So how do you explain this difference in performance?
Thanks in advance.
EDIT:
CMake generate something like this command to compile:
/bin/g++-8 -Os -DNDEBUG -Wl,-rpath,$ORIGIN CMakeFiles/xpp-tests.dir/tests/main.cpp.o -o xpp-tests libxpp.so
/bin/g++-8 -O3 -DNDEBUG -Wl,-rpath,$ORIGIN CMakeFiles/xpp-tests.dir/tests/main.cpp.o -o Release/xpp-tests Release/libxpp.so
# CMAKE generated file: DO NOT EDIT!
# Generated by "Unix Makefiles" Generator, CMake Version 3.16
# compile CXX with /bin/g++-8
CXX_FLAGS = -O3 -DNDEBUG -Wall -pipe -fPIC -march=native -fno-strict-aliasing
CXX_DEFINES = -DPLATFORM_UNIX=1 -D_FILE_OFFSET_BITS=64 -D_LARGEFILE_SOURCE=1
The define TEST_RECURSIVE will call _function 1000000 times in my examples.
You have several misconceptions about performance. You need to dispel these misconceptions.
Now I can test the speed of those methods in my main.cpp: (…)
Your benchmarking code calls the benchmarked functions directly. So you're measuring the benchmarked functions as optimized for the specific case of how they're used by the benchmarking code: to call them repeatedly on the same input. This is unlikely to have any relevance to how they behave in a realistic environment.
I think the compiler didn't do anything earth-shattering because it doesn't know what toupper does. If the compiler had known that toupper doesn't transform a nonzero character into zero, it might well have hoisted the strlen call outside the benchmarked loop. And if it had known that toupper(toupper(x)) == toupper(x), it might well have decided to run the loop only once.
To make a somewhat realistic benchmark, put the benchmarked code and the benchmarking code in separate source files, compile them separately, and disable any kind of cross-module or link-time optimization.
Then I can compile and test with cmake in Debug or Release
Compiling in debug mode rarely has any relevance to microbenchmarks (benchmarking the speed of an implementation of a small fragment of code, as opposed to benchmarking the relative speed of algorithms in terms of how many elementary functions they call). Compiler optimizations have a significant effect on microbenchmarks.

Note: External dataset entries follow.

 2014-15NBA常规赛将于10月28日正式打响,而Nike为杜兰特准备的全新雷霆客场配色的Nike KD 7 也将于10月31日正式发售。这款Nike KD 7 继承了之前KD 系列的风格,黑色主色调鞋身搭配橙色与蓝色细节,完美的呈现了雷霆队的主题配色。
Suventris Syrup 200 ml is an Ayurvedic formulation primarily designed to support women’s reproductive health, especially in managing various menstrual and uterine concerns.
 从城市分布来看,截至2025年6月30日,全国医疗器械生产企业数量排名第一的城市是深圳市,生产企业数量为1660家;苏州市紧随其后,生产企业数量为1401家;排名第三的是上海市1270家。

So rationally, fewer instructions should mean more speed (excluding cache, scheduler, etc ...).
No, absolutely not.
First of all, fewer instructions total is completely irrelevant to the speed of the program. Even on a platform where executing one instruction takes the same amount of time regardless of what the instruction is, which is unusual, what matters is how many instructions are executed, not how many instructions there are in the program. For example, a loop with 100 instructions that is executed 10 times is 10 times faster than a loop with 10 instructions that is executed 1000 times, even though it's 10 times larger. Inlining is a common program transformation that usually makes the code larger and makes it faster often enough that it's considered a common optimization.

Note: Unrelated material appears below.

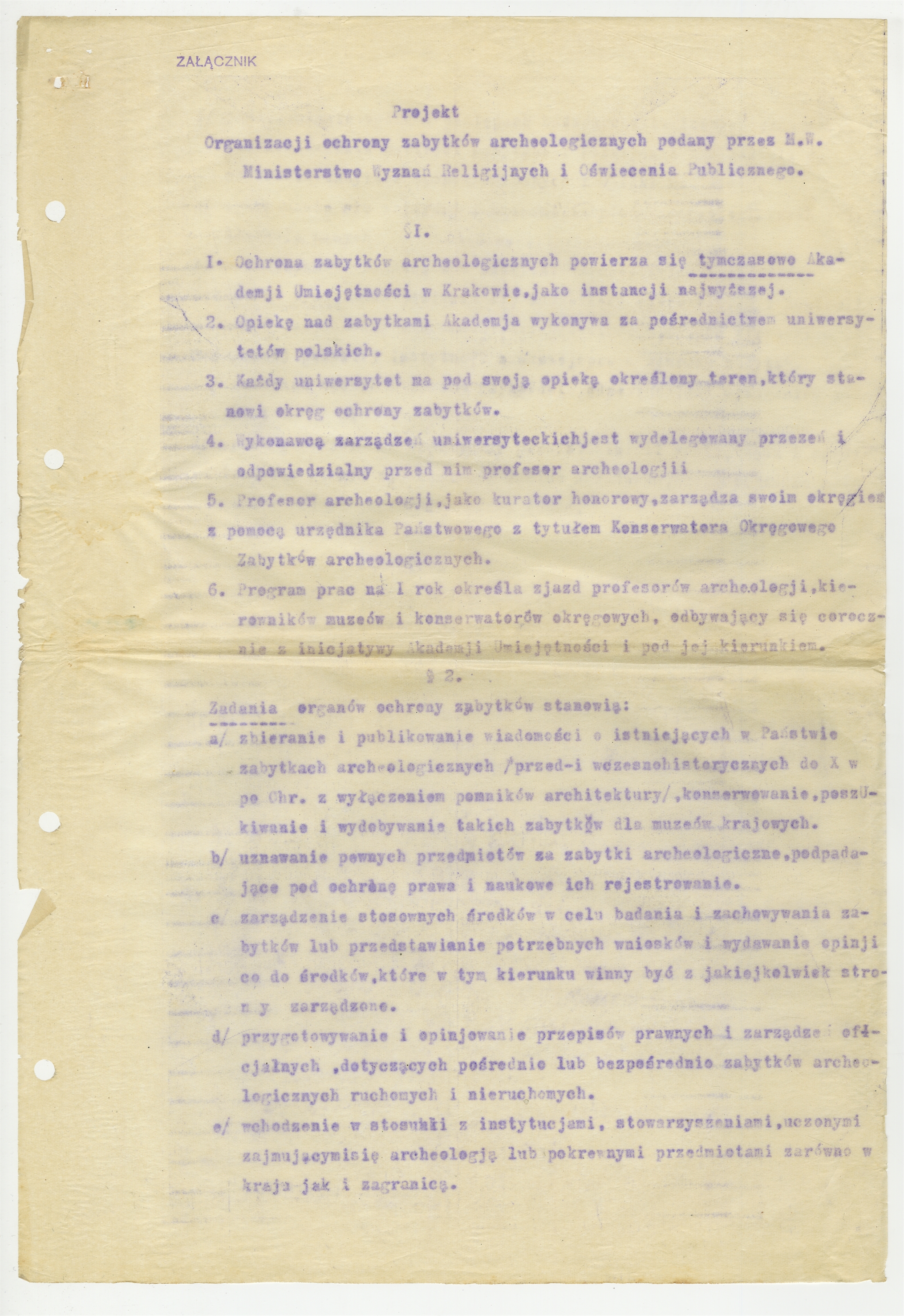 Maszynopis pisma Prezydjum Państwowego Grona Konserwatorów Zabytków Przedhistorycznych do Stefana Krukowskiego Konserwatora Okręgowego w Warszawie z prośbą o zaopiniowanie nowego projektu organizacji ochrony zabytków archeologicznych przedstawionego przez Ministerstwo Wyznań Religijnych i Oświecenia Publicznego (w załączniku pisma) Warszawa 7 czerwca 1920 r. - strona 2: "Projekt" (§ 1 2)

Second, on many platforms, such as any PC or server made in the 21st century, any smartphone, and even many lower-end devices, the time it takes to execute an instruction can vary so widely that it's a poor indication of performance. Cache is a major factor: a read from memory can be more than 1000 times slower than a read from cache on a PC. Other factors with less impact include pipelining, which causes the speed of an instruction to depend on the surrounding instructions, and branch prediction, which causes the speed of a conditional instruction to depend on the outcome of previous conditional instructions.

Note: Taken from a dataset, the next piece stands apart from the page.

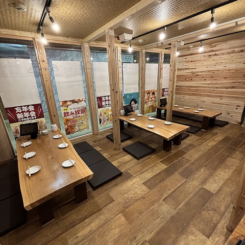 レイアウト自在なテーブル席もございます。最大35名様まで入れるので団体様のフロア貸切も大歓迎!別途カウンター席もございます。サク飲みから宴会まで幅広くご利用ください!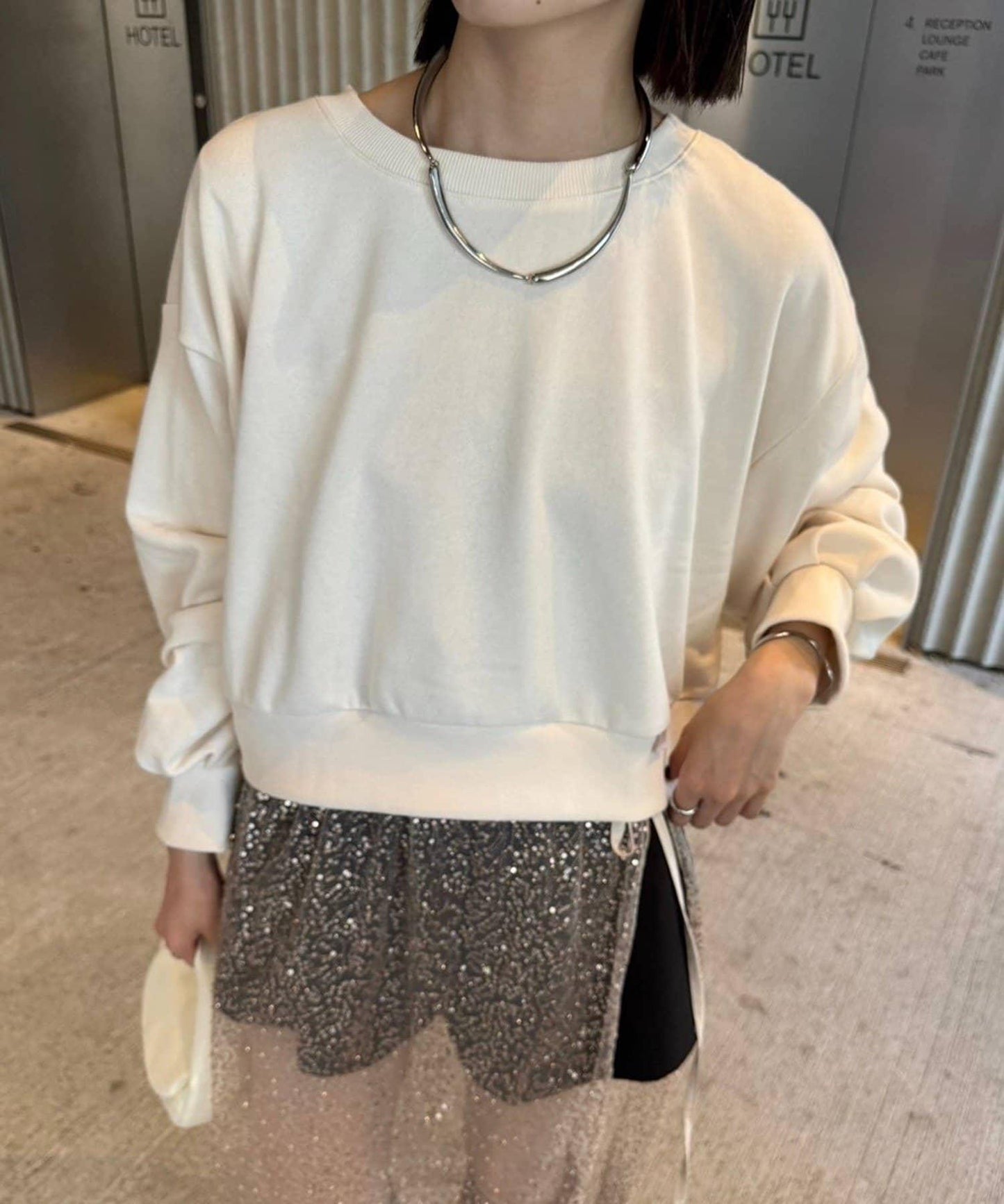 這件上衣也可單肩穿著,肩部向下。

Third, that's just considering processor instructions — what you see in assembly code. Compilers for C, C++ and most other languages optimize programs in such a way that it can be hard to predict what the processor will be doing exactly.
For example, how long does the instruction ++x; take on a PC?
If the compiler has figured out that the addition is unnecessary, for example because nothing uses x afterwards, or because the value of x is known at compile time and therefore so is the value of x+1, it'll optimize it away. So the answer is 0.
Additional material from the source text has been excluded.